Questa mescolanza etnica fa sì che il razzismo non rientri tra i problemi del Venezuela.
Una delle piaghe sociali del Paese è invece quella della criminalità. Secondo il sito della Farnesina21
“la situazione di sicurezza nel Paese risulta molto precaria, con fenomeni di criminalità largamente diffusi (aggressioni, anche violente, a scopo di rapina). Particolarmente interessate da tali fenomeni sono la città di Caracas (dove è pericoloso anche il tragitto che conduce dall’aeroporto al centro città, che si sconsiglia di percorrere durante le ore notturne) e le principali città del Paese. Anche nell’isola di Margarita, importante meta turistica, si è registrato negli ultimi tempi un peggioramento delle condizioni di sicurezza con gravi episodi di criminalità che hanno visto coinvolti anche cittadini stranieri.

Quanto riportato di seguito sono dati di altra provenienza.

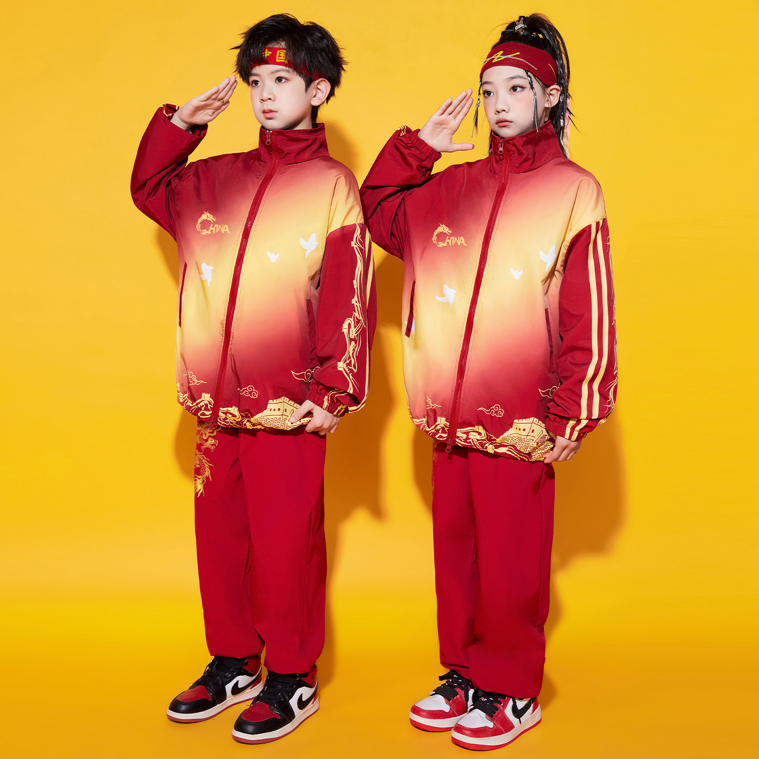 春秋小学生运动会演出服套装 中国红校服班服儿童表演服幼儿园园服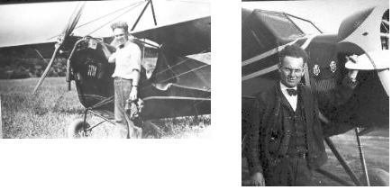 Curly Bill Johnson with his Aeronca C-3 Collegian on the left, and with his Stinson Junior in 1932.

Negli ultimi anni sono considerevolmente aumentati i sequestri di persona a scopo di estorsione, anche a danno di stranieri e di cittadini italiani residenti.”
20 Berglund Thompson, Susan A., Hernández Calimán, Humberto, Estudio analítico dela política inmigratoria en Venezuela, Caracas, Ministerio de Relacciones Interiores, 1977.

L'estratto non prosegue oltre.